# 2Q's. Lights and Ferts



## WiyRay (Jan 11, 2009)

Okay, first specs. 

I got a 46g bowfront planted tank. 36"L x 12"W x 20"H. 

Got the standard 36" strip light that comes with the tank. It isn't even low light. Its just a blue shadow lol. So I also put the light from my 10g tank. That's 2 screw in florescent bulbs which makes it yellow. Which does just fine in growing HC surprisingly. Anyways, I'm thinking getting rid of them and replacing it with a T5HO from fishneedit.com. 

Q#1. Just wanted to know if the 2 bulb canopy is sufficient for my tank? (Also if you can tell me which bulb combination + colour temp I should use)

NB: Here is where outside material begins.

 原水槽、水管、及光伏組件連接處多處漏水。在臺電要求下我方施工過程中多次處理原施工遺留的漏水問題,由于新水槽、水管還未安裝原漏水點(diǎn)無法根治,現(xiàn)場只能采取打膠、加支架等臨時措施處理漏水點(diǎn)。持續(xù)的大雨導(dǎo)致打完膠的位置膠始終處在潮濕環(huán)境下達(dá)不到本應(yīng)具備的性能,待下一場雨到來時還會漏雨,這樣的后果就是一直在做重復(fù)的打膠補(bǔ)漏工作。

Q#2. For plant ferts, which is better and which is cheaper in the long run (excluding dry ferts, just dont wanna get into that)? 
Big Als brand vs Flourish Trace. 

Okay, maybe that was more than 2 questions... but thanks!


----------



## Darkblade48 (Jan 28, 2008)

Colour temperature of a bulb usually does not matter to a plant. They will grow in 3700K light, 6500K light, etc.

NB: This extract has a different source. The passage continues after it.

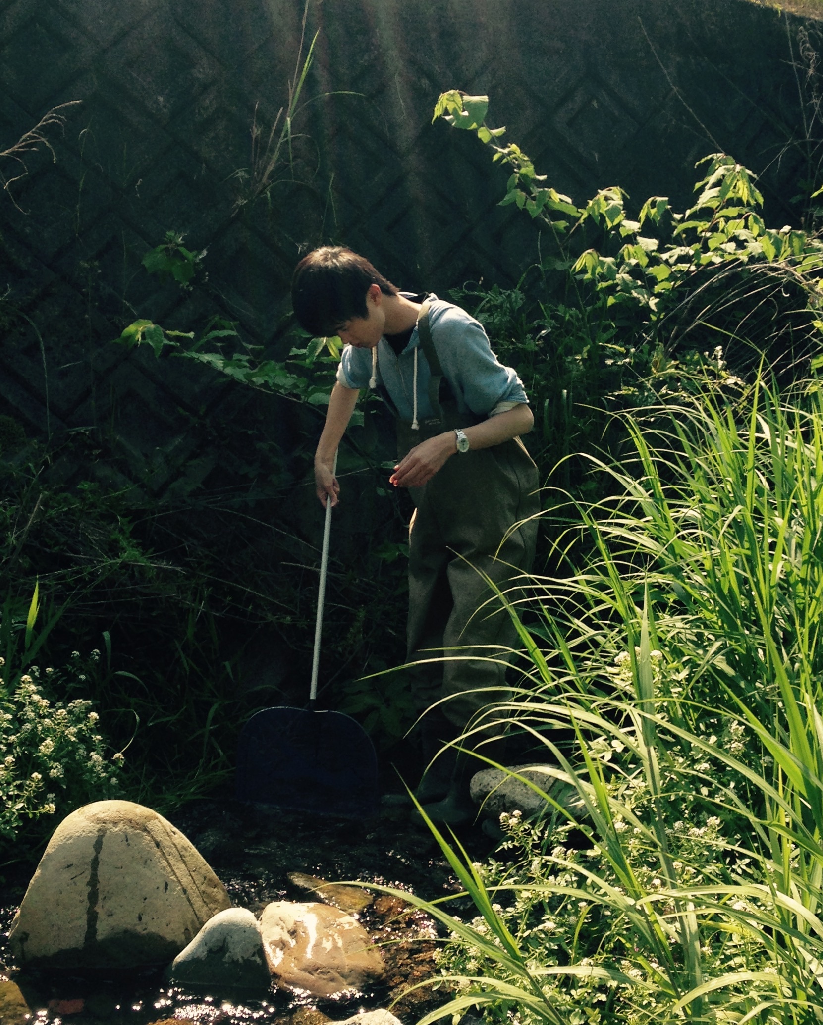 ↓ ガサガサする1年生。この日は珍しいホトケドジョウもとれました

Mainly, people use 6500K light bulbs because it looks the most pleasing (at least to the majority of people).

If you are going to use the twin bulb T5HO canopy (3 feet), you should be set in terms of lighting. Don't forget that T5HO bulbs put out a lot of light, so you may have more than you initially bargained for. 

In terms of bulbs, as long as you stay away from actinic or 50/50 bulbs, you'll be fine.

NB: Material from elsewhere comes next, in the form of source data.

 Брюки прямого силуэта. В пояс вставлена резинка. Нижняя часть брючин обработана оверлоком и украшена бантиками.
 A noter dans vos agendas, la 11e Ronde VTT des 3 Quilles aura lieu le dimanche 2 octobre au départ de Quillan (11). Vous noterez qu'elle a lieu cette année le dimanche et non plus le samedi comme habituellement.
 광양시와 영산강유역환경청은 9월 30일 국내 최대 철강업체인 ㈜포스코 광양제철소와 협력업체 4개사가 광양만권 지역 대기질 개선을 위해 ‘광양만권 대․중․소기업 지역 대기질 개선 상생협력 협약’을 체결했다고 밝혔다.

For plant fertilizers, the no-name brand Big Al's trace mix would be cheaper. However, it is still much more expensive than dry fertilizers. If you are only going to be dosing micronutrients (not recommended, given the amount of lighting you will have), then it is cheaper just to mix your own micronutrients (take the required amount, mix into 500 mL water) and dose as normal.

Of course, the same can be said for macronutrients.


----------



## WiyRay (Jan 11, 2009)

Great thanks!

So now onto follow-up questions... I've done a bit of reading and looked at the options. There is a bunch of choices so now I just want to know what gtaa member preferences are. 

1 Pink 1 White (6700k)
or
2 White (6700k)
or
1 White (6700k) + 1 White (10000k)

I don't think I have a problem with the ferts itself. I wanted to see what would cost me less but without the hassle. I just wasn't entirely sure if there was a difference in brands that would make me regret it later.


----------



## Darkblade48 (Jan 28, 2008)

WiyRay said:


> There is a bunch of choices so now I just want to know what gtaa member preferences are.
> 
> 1 Pink 1 White (6700k)
> or
> ...


I would personally go with the two 6700K bulbs.



WiyRay said:


> I don't think I have a problem with the ferts itself. I wanted to see what would cost me less but without the hassle. I just wasn't entirely sure if there was a difference in brands that would make me regret it later.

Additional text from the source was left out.